Set down each entry below exactly as written, keeping the pictures out.

(Stored items from a collection)
>>
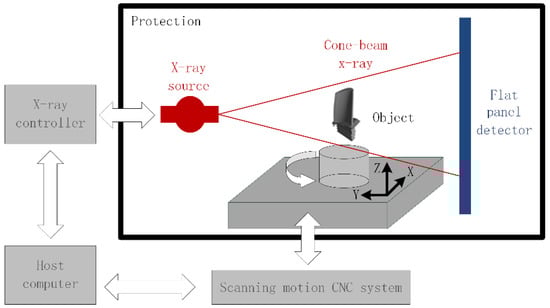 The schematic diagram of the ICT scanning system is shown in Figure 2. The workpiece to be detected is placed on the rotary table controlled by the computer numerical control (CNC) system. Then the X-ray source projects an X-ray to penetrate the workpiece and leaves a projection on the flat panel detector. By rotating the workpiece at 360 degrees, the projection data of the workpiece in all directions can be obtained. After that, the ICT reconstruction algorithm is used to obtain the CT slice images of the workpiece.
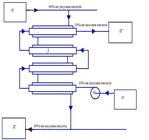90%-ая уксусная кислота, который через стенку трубы подогревает нагреваемую
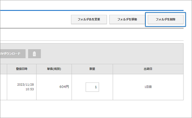 「削除」ボタンをクリックすると、フォルダが削除されます。
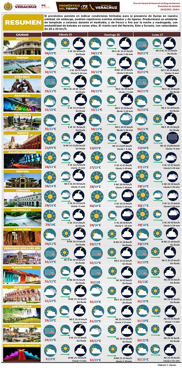 Condiciones limitadas para lluvias; sin embargo, podrían registrarse eventos aislados y ligeros. Ambiente de templado a caluroso durante mediodía y de fresco a frío por la noche-madrugada, con probabilidad de heladas en zonas altas. Viento del noreste, este y sureste con velocidades de 20 a 35 kilómetros por hora.
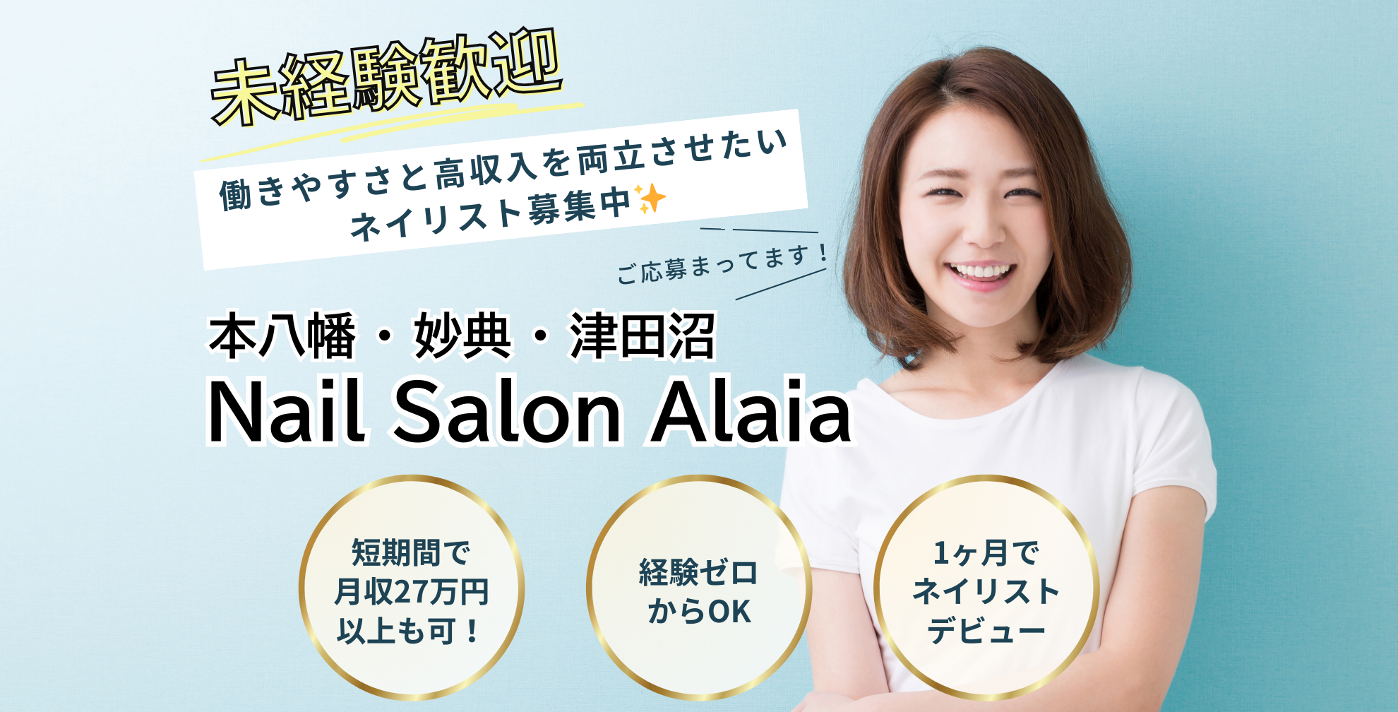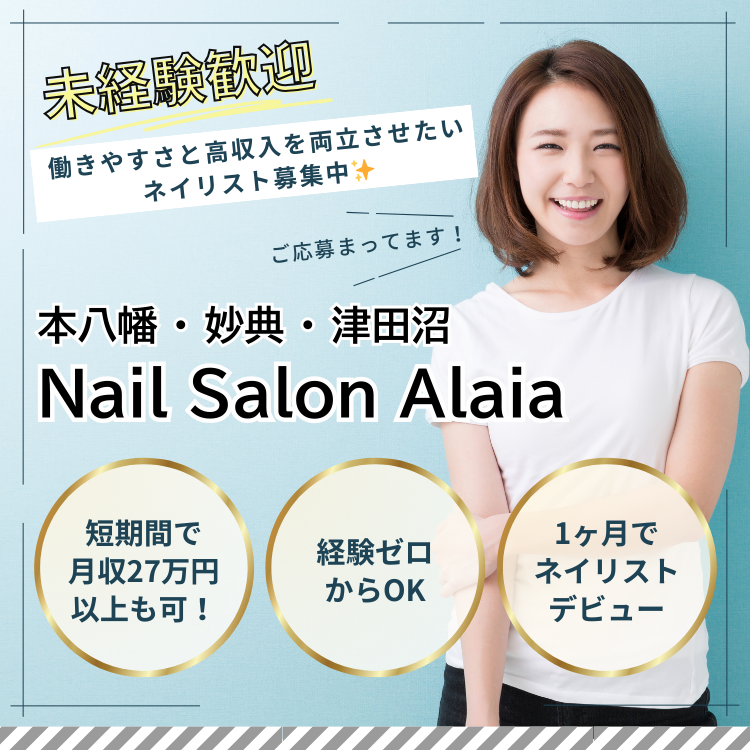 ネイルサロン「Alaia」は、長く通っていただいているお客様が多い、地域で信頼されるサロンです。
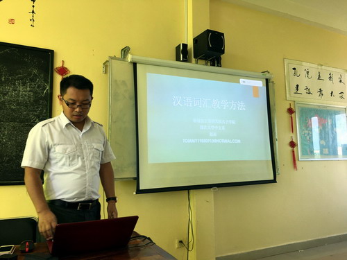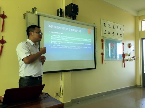 本次研讨会围绕“汉语词汇教学方法”这一主题展开,赵雨老师作为主讲人,就对外汉语的词汇教学进行了详细讲解,其中包括词汇教学的基本原则、词汇教学在课堂上的具体实施等。讲解过程中,赵雨老师针对对外汉语教学课堂的不同情况以及汉语自身的特点,将自己多年对外汉语教学的心得和经验与各位老师分享。老师们积极提出自己在教学过程中的疑惑、想法以及相应的解决策略,会场讨论氛围热烈。
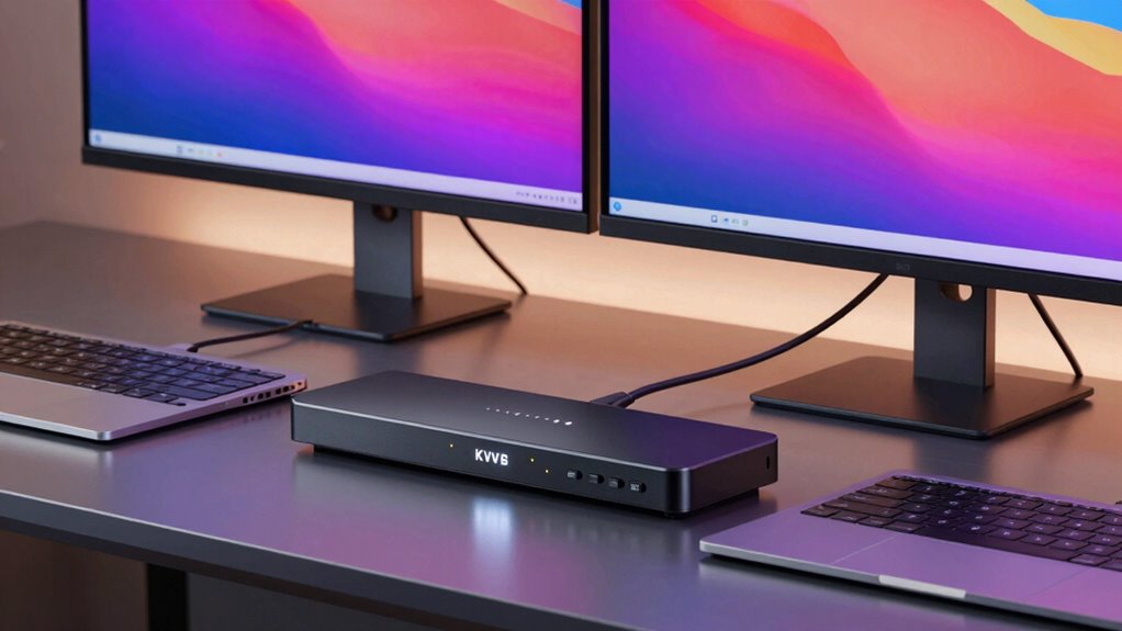 Ensuring compatibility between your devices and a KVM switch is essential for a seamless dual-monitor setup. First, check that the switch supports your operating systems, whether Windows, Mac, Linux, or Unix. Next, verify that your computers and monitors have compatible video output ports like HDMI, DisplayPort, or VGA, and that the switch can handle your monitor’s maximum resolution, such as 4K@60Hz or 8K@60Hz, for the best display quality. Additionally, confirm that the switch offers USB ports (USB 3.0 or USB-A) compatible with your peripherals like keyboards, mice, and external drives. Finally, confirm the switch’s power requirements and connection types match your devices’ specifications to guarantee stable, reliable operation. Compatibility is key to a smooth, efficient setup.
<<
▸ WORKED SOLUTION
 The schematic diagram of the ICT scanning system is shown in Figure 2. The workpiece to be detected is placed on the rotary table controlled by the computer numerical control (CNC) system. Then the X-ray source projects an X-ray to penetrate the workpiece and leaves a projection on the flat panel detector. By rotating the workpiece at 360 degrees, the projection data of the workpiece in all directions can be obtained. After that, the ICT reconstruction algorithm is used to obtain the CT slice images of the workpiece.
90%-ая уксусная кислота, который через стенку трубы подогревает нагреваемую
 「削除」ボタンをクリックすると、フォルダが削除されます。
 Condiciones limitadas para lluvias; sin embargo, podrían registrarse eventos aislados y ligeros. Ambiente de templado a caluroso durante mediodía y de fresco a frío por la noche-madrugada, con probabilidad de heladas en zonas altas. Viento del noreste, este y sureste con velocidades de 20 a 35 kilómetros por hora.
 ネイルサロン「Alaia」は、長く通っていただいているお客様が多い、地域で信頼されるサロンです。
 本次研讨会围绕“汉语词汇教学方法”这一主题展开,赵雨老师作为主讲人,就对外汉语的词汇教学进行了详细讲解,其中包括词汇教学的基本原则、词汇教学在课堂上的具体实施等。讲解过程中,赵雨老师针对对外汉语教学课堂的不同情况以及汉语自身的特点,将自己多年对外汉语教学的心得和经验与各位老师分享。老师们积极提出自己在教学过程中的疑惑、想法以及相应的解决策略,会场讨论氛围热烈。
 Ensuring compatibility between your devices and a KVM switch is essential for a seamless dual-monitor setup. First, check that the switch supports your operating systems, whether Windows, Mac, Linux, or Unix. Next, verify that your computers and monitors have compatible video output ports like HDMI, DisplayPort, or VGA, and that the switch can handle your monitor’s maximum resolution, such as 4K@60Hz or 8K@60Hz, for the best display quality. Additionally, confirm that the switch offers USB ports (USB 3.0 or USB-A) compatible with your peripherals like keyboards, mice, and external drives. Finally, confirm the switch’s power requirements and connection types match your devices’ specifications to guarantee stable, reliable operation. Compatibility is key to a smooth, efficient setup.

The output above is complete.